• _WHAT YOU HAVE TO DO_
This exercise calls for the whole listing to be given again exactly, without images.

• _SOURCE DATA_
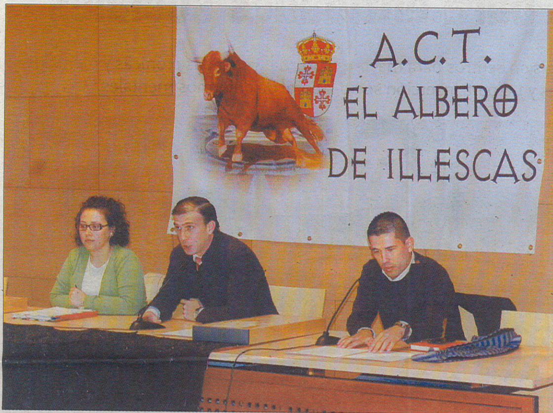
La presentación tuvo lugar el miércoles en la biblioteca municipal.

PERFIL DE LOS ALUMNOS. De estos 30 alumnos inscritos, que se repartirán en clases los viernes por la tarde y los sábados por la mañana, no todos son vecinos de Illescas. Desde Ugena, Yuncos, Numancia de la Sagra, Pantoja, Casarrubuelos y Parla en Madrid llegarán alumnos para aprender el manejo de los 'trastos' de torear.
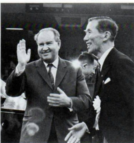
▼オISTRAFF、全国大会で指揮
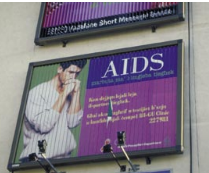
Информационный щит, разработанный Департаментом развития здравоохранения Мальты

• _RESPONSE TO THE TASK_
La presentación tuvo lugar el miércoles en la biblioteca municipal.

PERFIL DE LOS ALUMNOS. De estos 30 alumnos inscritos, que se repartirán en clases los viernes por la tarde y los sábados por la mañana, no todos son vecinos de Illescas. Desde Ugena, Yuncos, Numancia de la Sagra, Pantoja, Casarrubuelos y Parla en Madrid llegarán alumnos para aprender el manejo de los 'trastos' de torear.
▼オISTRAFF、全国大会で指揮
Информационный щит, разработанный Департаментом развития здравоохранения Мальты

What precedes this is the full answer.